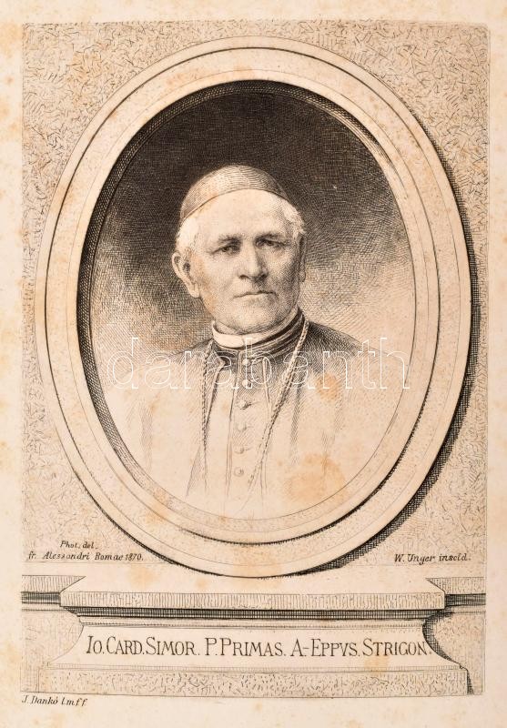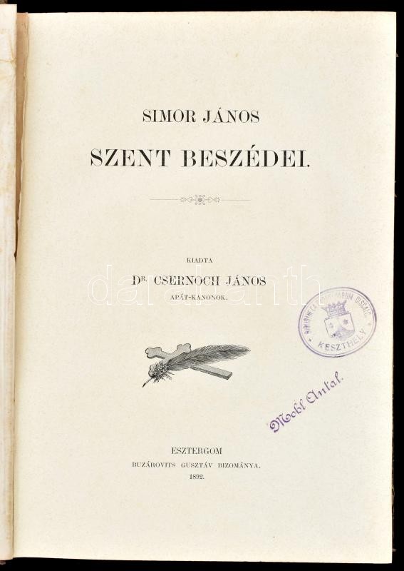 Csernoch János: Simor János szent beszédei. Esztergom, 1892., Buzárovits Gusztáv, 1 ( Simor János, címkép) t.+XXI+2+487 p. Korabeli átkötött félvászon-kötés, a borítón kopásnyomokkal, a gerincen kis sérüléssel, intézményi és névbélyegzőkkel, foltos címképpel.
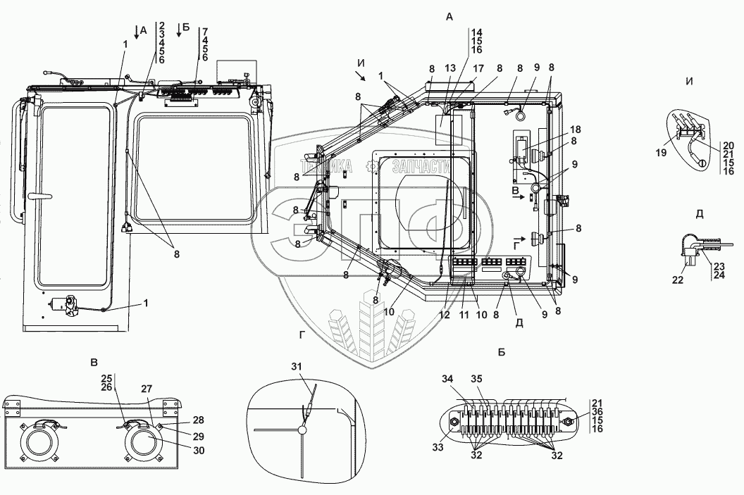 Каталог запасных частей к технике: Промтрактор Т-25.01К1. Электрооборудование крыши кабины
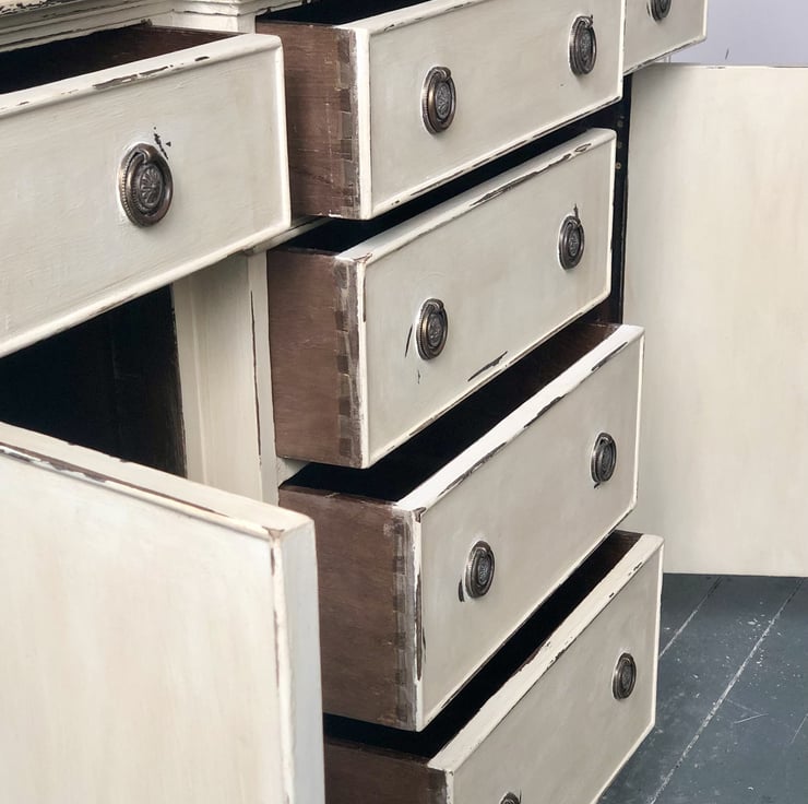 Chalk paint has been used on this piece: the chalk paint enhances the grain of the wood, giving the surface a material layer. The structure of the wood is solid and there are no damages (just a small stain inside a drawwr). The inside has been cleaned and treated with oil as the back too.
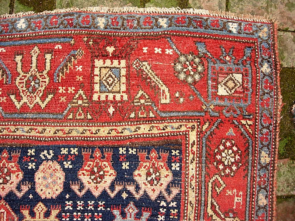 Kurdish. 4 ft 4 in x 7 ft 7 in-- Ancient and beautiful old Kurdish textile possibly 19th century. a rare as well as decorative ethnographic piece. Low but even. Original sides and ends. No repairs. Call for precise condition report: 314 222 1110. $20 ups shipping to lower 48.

» **What to produce**
Pictures excluded, write out exactly and only the lines of the material from the one containing "Chalk paint has" up to and including the last line.

» **Task solution**
 Chalk paint has been used on this piece: the chalk paint enhances the grain of the wood, giving the surface a material layer. The structure of the wood is solid and there are no damages (just a small stain inside a drawwr). The inside has been cleaned and treated with oil as the back too.
 Kurdish. 4 ft 4 in x 7 ft 7 in-- Ancient and beautiful old Kurdish textile possibly 19th century. a rare as well as decorative ethnographic piece. Low but even. Original sides and ends. No repairs. Call for precise condition report: 314 222 1110. $20 ups shipping to lower 48.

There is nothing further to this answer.